Stored entries
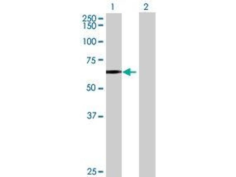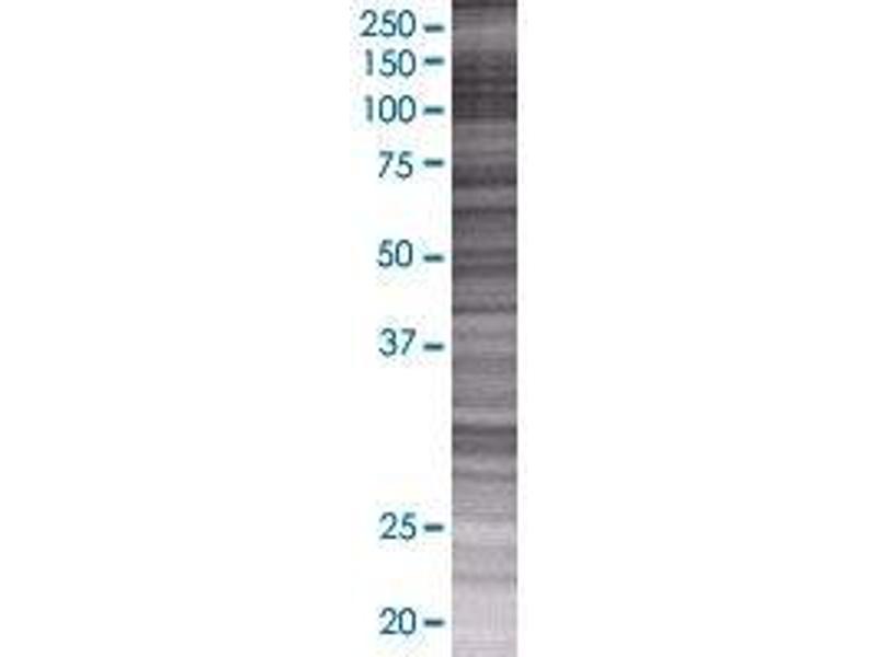Product Quality tested by: Transient overexpression cell lysate was tested with Anti-ZNF10 antibody by Western Blots.
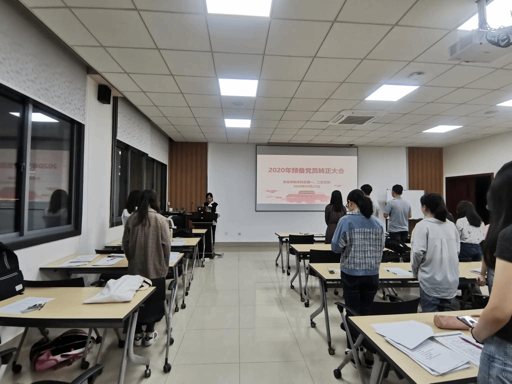 本科生第一、二党支部在学院D916举行预备党员转正大会,会议由姚诗韵同志主持。
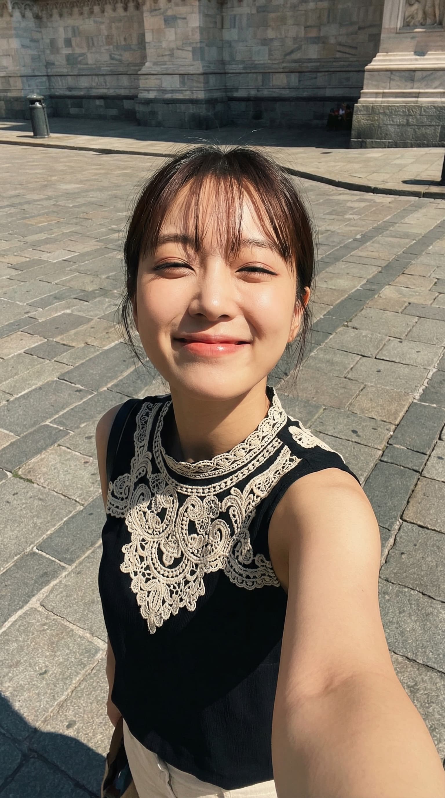 Sunlight bathes a smiling woman in a black top with elaborate lace detail. The background suggests a European plaza, ...
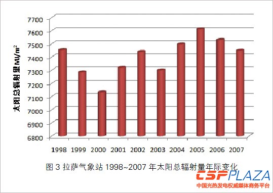 图3 拉萨气象站1998~2007年太阳总辐射量年际变化 |
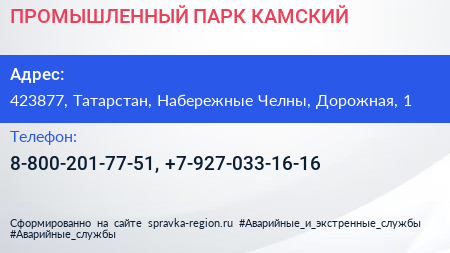 ПРОМЫШЛЕННЫЙ ПАРК КАМСКИЙ по адресу 423877, Татарстан, Набережные Челны, Дорожная, 1 в дальнейшем Организация, размещена в следующих категориях:
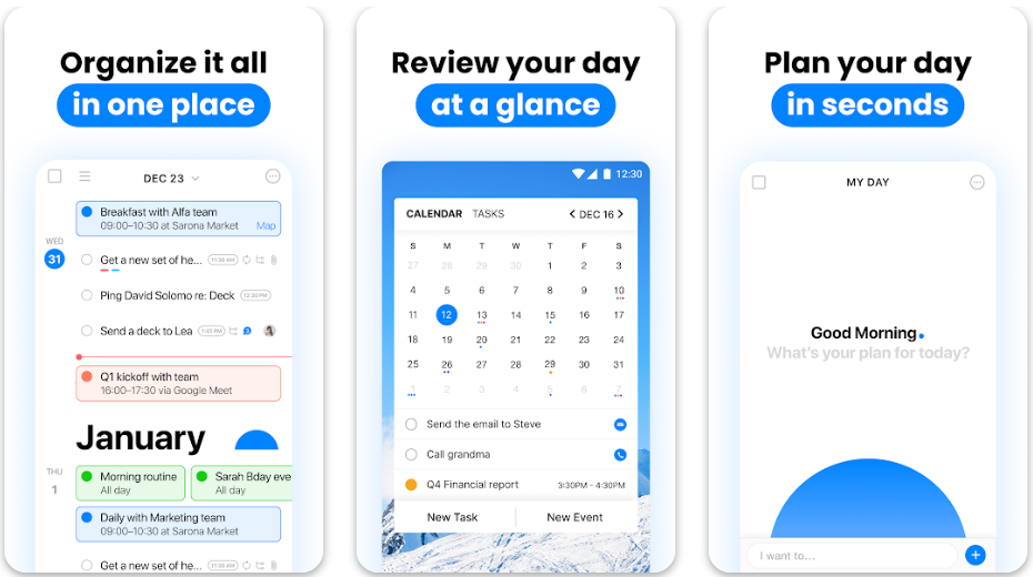 ⭐️ The Good: It brings your to-do lists and calendar events into one unified view. It features a great “Plan my Day” tool that forces you to review your tasks every morning, plus location-based reminders (e.g., “Remind me to buy milk when I get near the grocery store”).
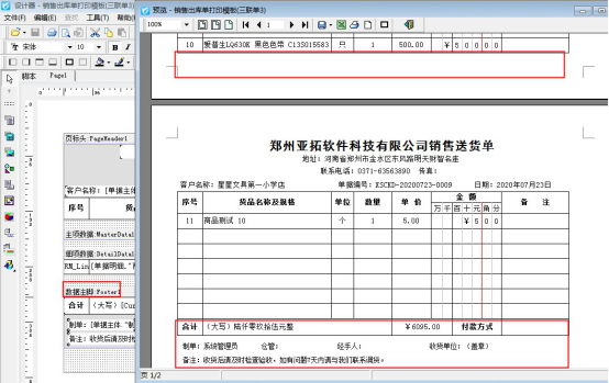 ????信管飛送貨單軟件、信管飛RMS軟件等都支持打印單據(jù),軟件內(nèi)置了十幾種打印模板以供使用。默認(rèn)打印模板的金額是按財務(wù)樣式進(jìn)行顯示的,默認(rèn)金額格式是按7位顯示,只顯示到萬,如果出現(xiàn)金額超過萬位會顯示不出來(如下圖所示),本文以“信管飛送貨單軟件”為例,示范下如何修改金額樣式的顯示數(shù)字個數(shù)。
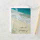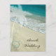 Die Tropical Beach Wedding Ankündigung Datum freihalten Postcard informiert Sie über Ihre anstehenden lässigen und dennoch schicken Nuptials an der Küste oder auf der Insel. Passen Sie es mit den persönlichen Namen der Braut und des Bräutigams, dem Datum und dem Ort der Ehe an. Diese maßgeschneiderte Hochzeit am Strand behalte die Dattelkarte mit einem landschaftlichen Naturfoto des türkisfarbenen oder aqua-blauen Ozeans an einem weißen Sandstrand mit Palmen und wirrem Design an der Ecke.
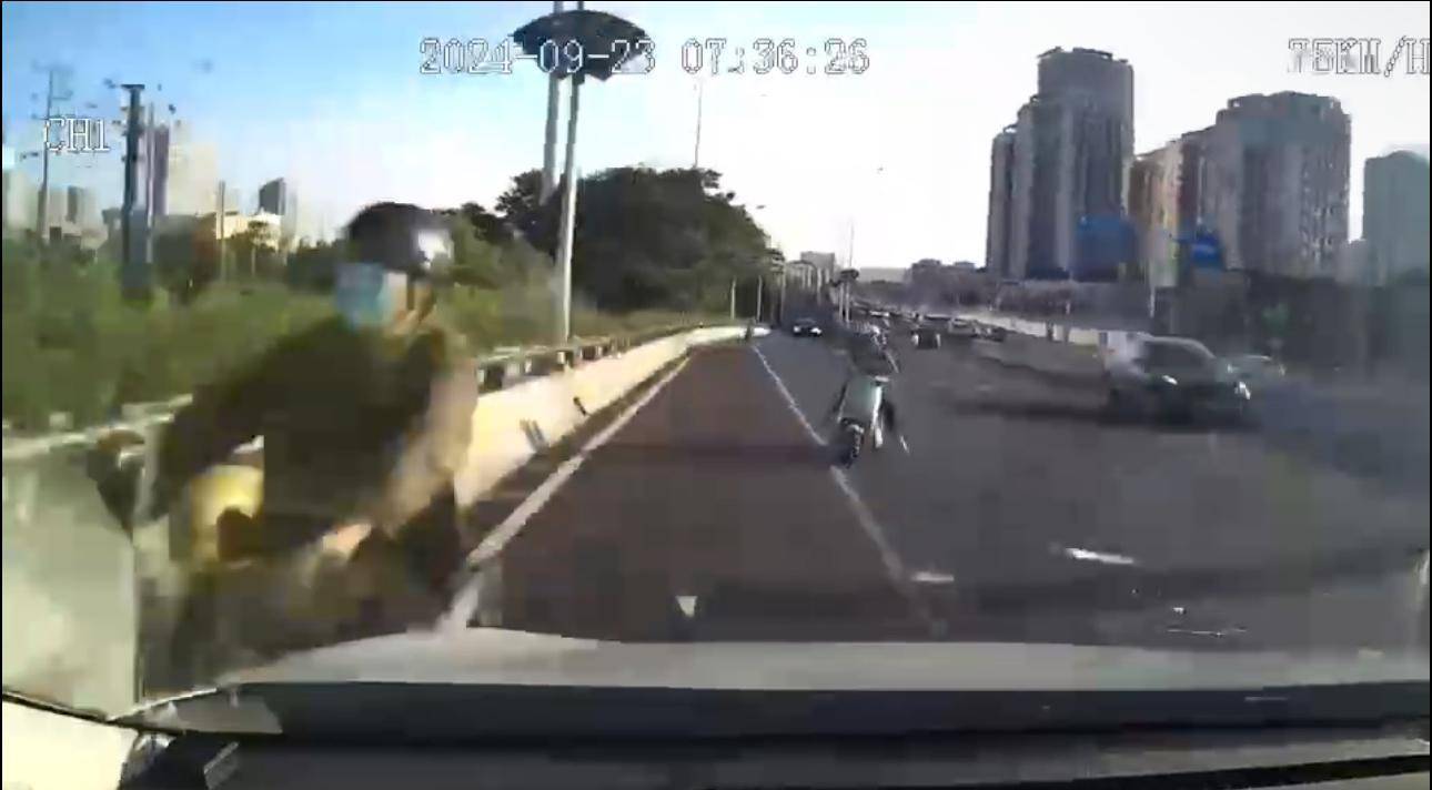 白车的行车记录仪显示,事发时间为9月23日上午7时36分16秒,白车在大桥行驶过程中,因前车亮起刹车灯,随即减速。后画面晃动,疑已被后车追尾。车辆随即驶向对向车道,并不断加速,疑似为躲避对向车辆,与多辆边道行驶的电动车、摩托车相撞,随后又转向右侧车道,与对向一小汽车相撞。

**DIRECTIONS:**
Restate every record above word for word, without images.

**ANSWER:**
Product Quality tested by: Transient overexpression cell lysate was tested with Anti-ZNF10 antibody by Western Blots.
 本科生第一、二党支部在学院D916举行预备党员转正大会,会议由姚诗韵同志主持。
 Sunlight bathes a smiling woman in a black top with elaborate lace detail. The background suggests a European plaza, ...
 图3 拉萨气象站1998~2007年太阳总辐射量年际变化 |
 ПРОМЫШЛЕННЫЙ ПАРК КАМСКИЙ по адресу 423877, Татарстан, Набережные Челны, Дорожная, 1 в дальнейшем Организация, размещена в следующих категориях:
 ⭐️ The Good: It brings your to-do lists and calendar events into one unified view. It features a great “Plan my Day” tool that forces you to review your tasks every morning, plus location-based reminders (e.g., “Remind me to buy milk when I get near the grocery store”).
 ????信管飛送貨單軟件、信管飛RMS軟件等都支持打印單據(jù),軟件內(nèi)置了十幾種打印模板以供使用。默認(rèn)打印模板的金額是按財務(wù)樣式進(jìn)行顯示的,默認(rèn)金額格式是按7位顯示,只顯示到萬,如果出現(xiàn)金額超過萬位會顯示不出來(如下圖所示),本文以“信管飛送貨單軟件”為例,示范下如何修改金額樣式的顯示數(shù)字個數(shù)。
 Die Tropical Beach Wedding Ankündigung Datum freihalten Postcard informiert Sie über Ihre anstehenden lässigen und dennoch schicken Nuptials an der Küste oder auf der Insel. Passen Sie es mit den persönlichen Namen der Braut und des Bräutigams, dem Datum und dem Ort der Ehe an. Diese maßgeschneiderte Hochzeit am Strand behalte die Dattelkarte mit einem landschaftlichen Naturfoto des türkisfarbenen oder aqua-blauen Ozeans an einem weißen Sandstrand mit Palmen und wirrem Design an der Ecke.
 白车的行车记录仪显示,事发时间为9月23日上午7时36分16秒,白车在大桥行驶过程中,因前车亮起刹车灯,随即减速。后画面晃动,疑已被后车追尾。车辆随即驶向对向车道,并不断加速,疑似为躲避对向车辆,与多辆边道行驶的电动车、摩托车相撞,随后又转向右侧车道,与对向一小汽车相撞。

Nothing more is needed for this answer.